WHAT THE TASK ASKS:
Repeat every line from the line containing "FENDI Micro Peekaboo" to the end of the data, exactly. Leave the pictures out.

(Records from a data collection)
*-*-*
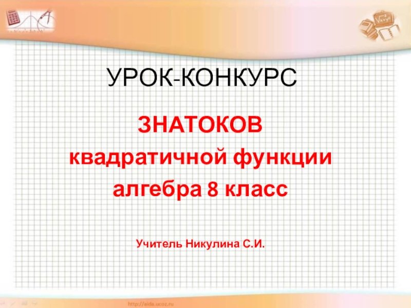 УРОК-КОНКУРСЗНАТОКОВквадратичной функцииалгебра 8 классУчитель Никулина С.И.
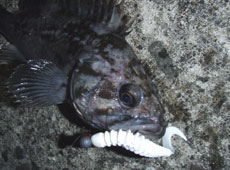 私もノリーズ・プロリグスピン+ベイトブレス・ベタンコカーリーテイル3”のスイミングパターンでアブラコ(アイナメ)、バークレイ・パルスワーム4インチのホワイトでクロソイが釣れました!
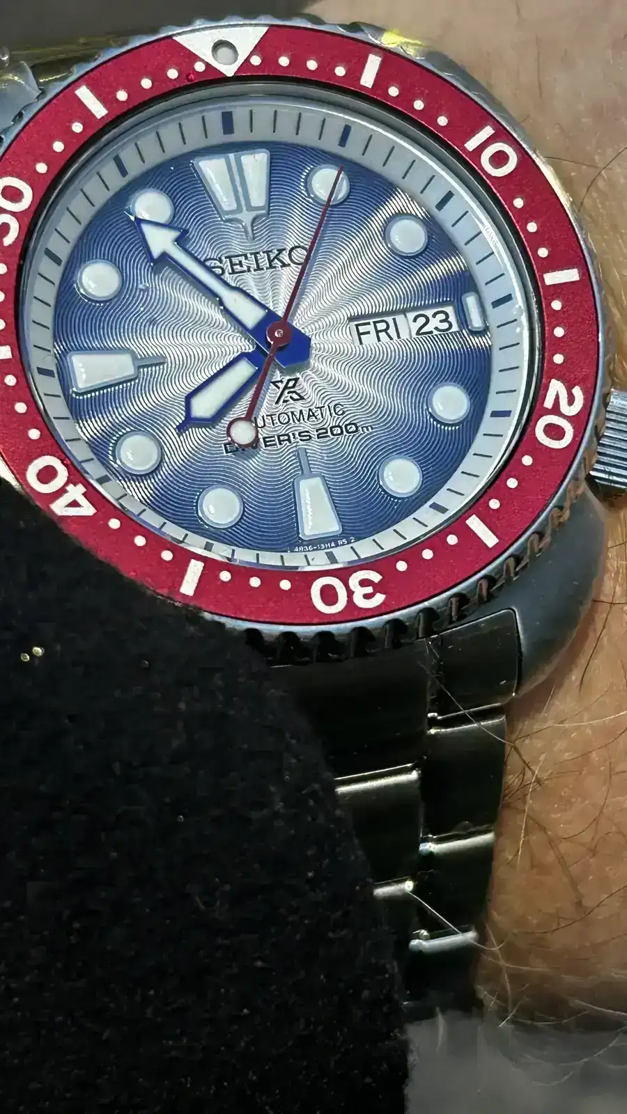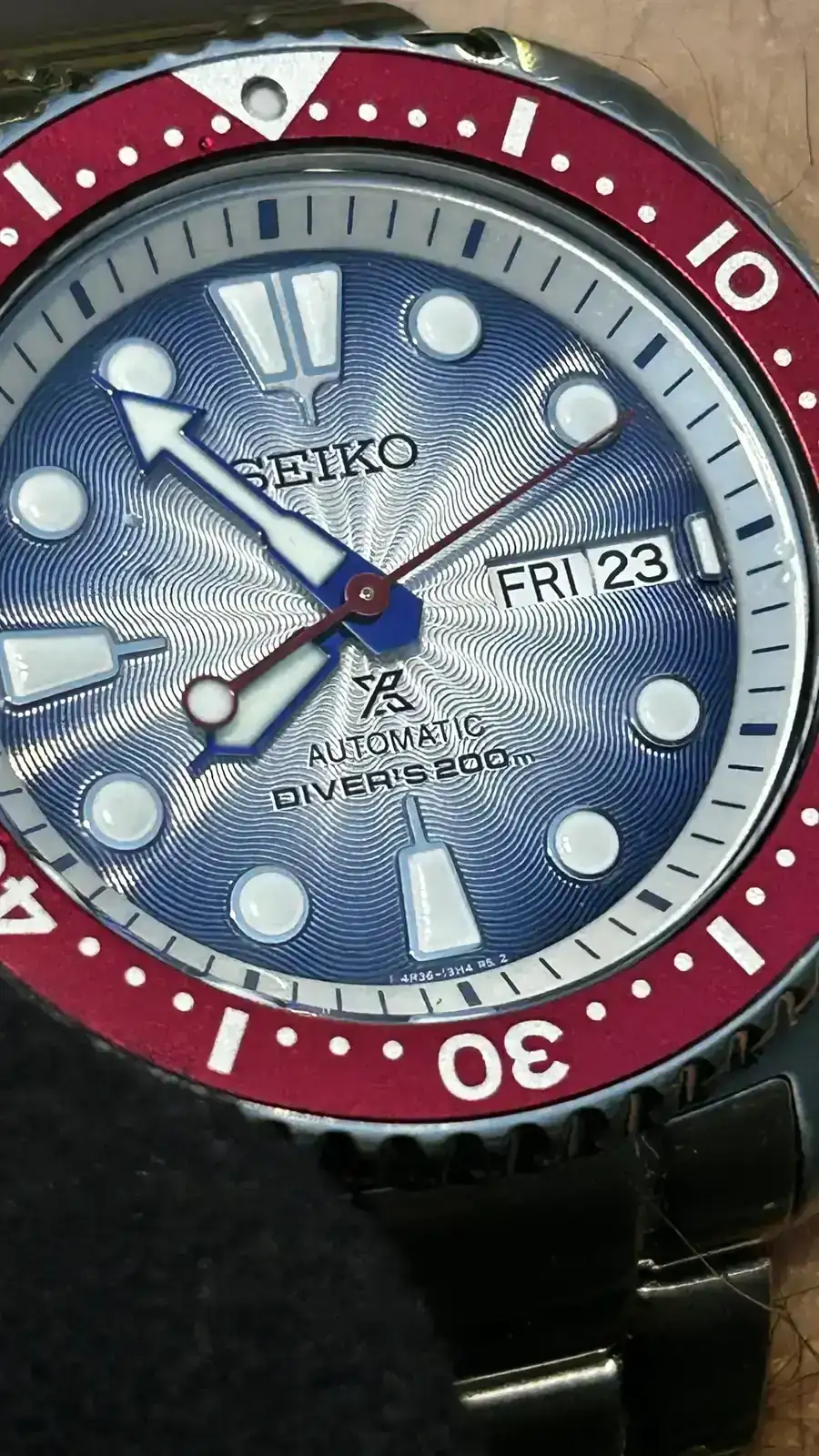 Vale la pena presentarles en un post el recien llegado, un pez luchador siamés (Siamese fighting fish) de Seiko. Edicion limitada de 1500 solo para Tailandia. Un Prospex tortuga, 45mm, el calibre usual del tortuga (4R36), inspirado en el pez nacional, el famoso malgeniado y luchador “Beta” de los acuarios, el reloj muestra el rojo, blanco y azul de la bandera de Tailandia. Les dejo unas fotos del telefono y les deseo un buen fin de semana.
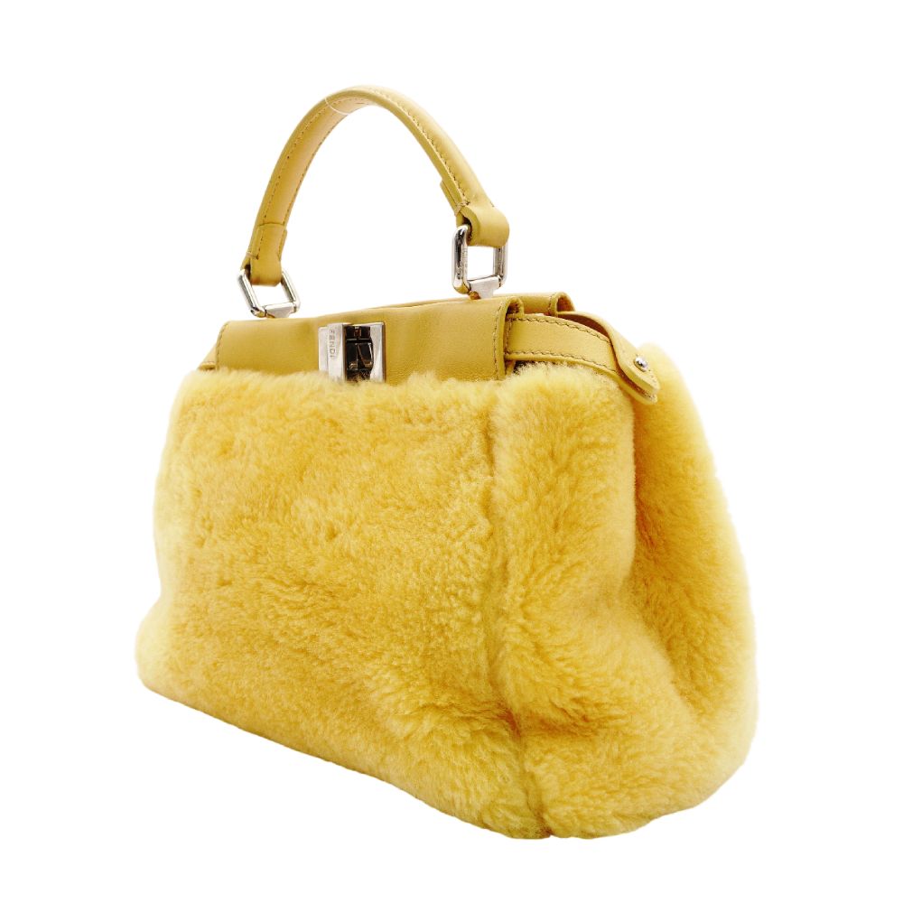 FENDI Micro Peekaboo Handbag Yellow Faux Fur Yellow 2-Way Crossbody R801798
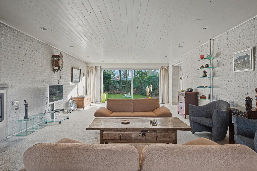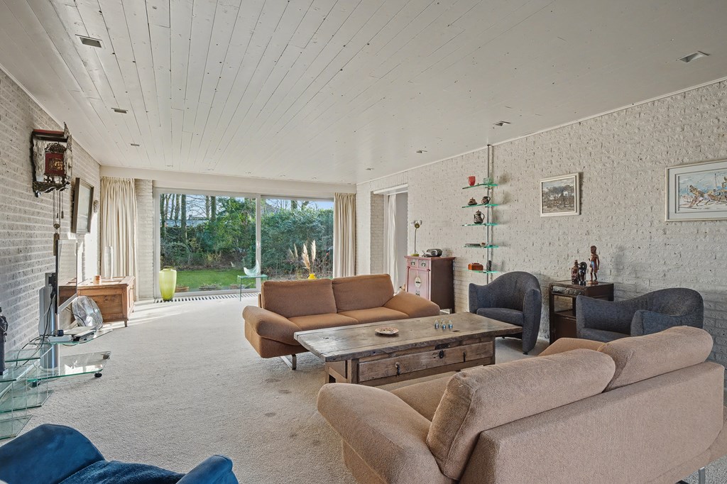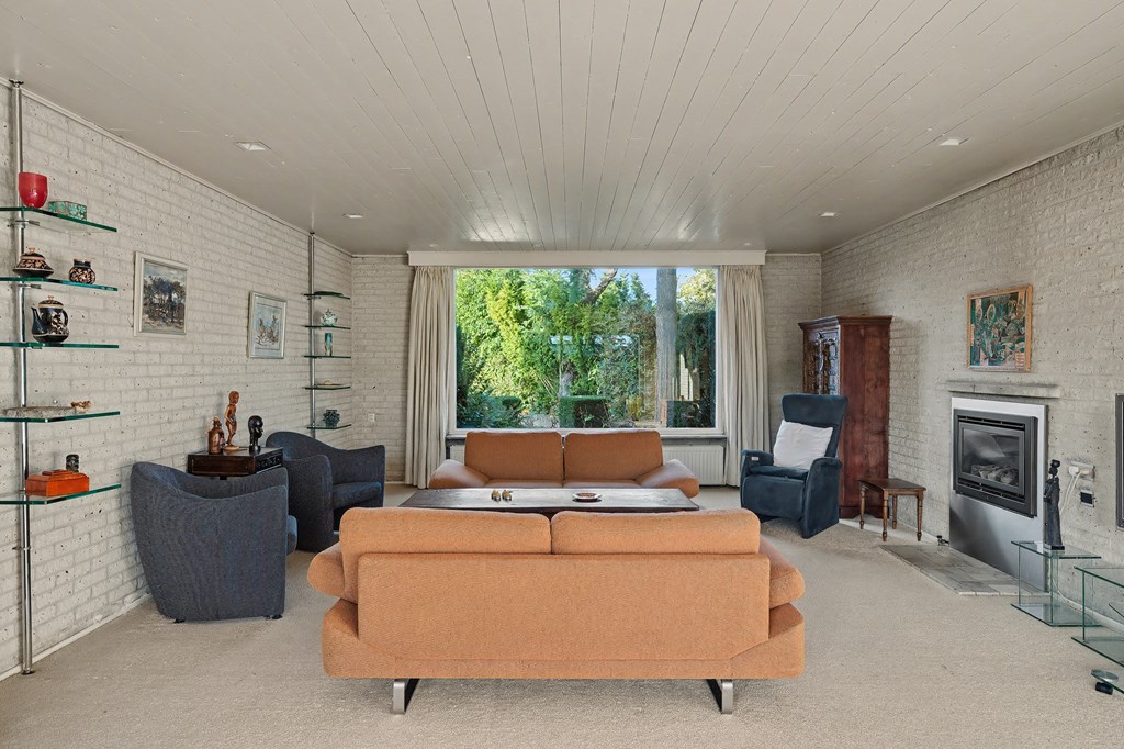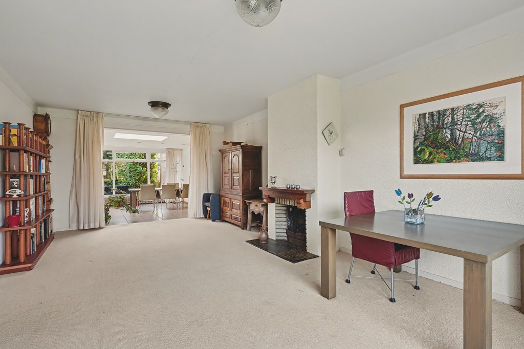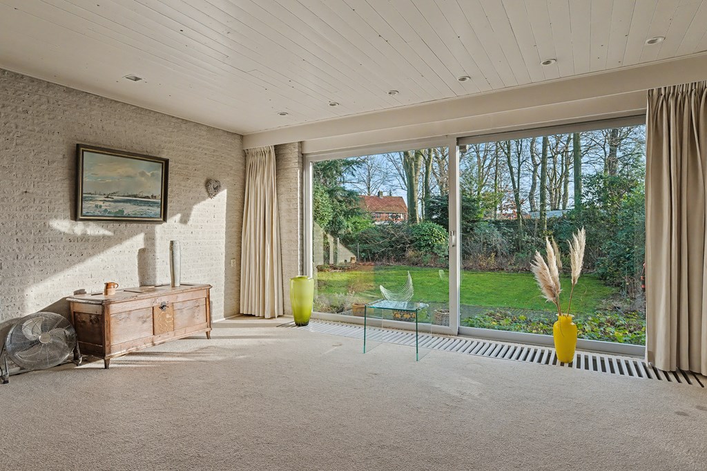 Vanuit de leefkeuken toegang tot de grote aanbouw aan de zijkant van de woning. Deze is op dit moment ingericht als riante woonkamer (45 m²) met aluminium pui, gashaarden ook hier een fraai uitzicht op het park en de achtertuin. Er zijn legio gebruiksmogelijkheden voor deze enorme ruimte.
*-*-*
TASK RESPONSE:
 FENDI Micro Peekaboo Handbag Yellow Faux Fur Yellow 2-Way Crossbody R801798
 Vanuit de leefkeuken toegang tot de grote aanbouw aan de zijkant van de woning. Deze is op dit moment ingericht als riante woonkamer (45 m²) met aluminium pui, gashaarden ook hier een fraai uitzicht op het park en de achtertuin. Er zijn legio gebruiksmogelijkheden voor deze enorme ruimte.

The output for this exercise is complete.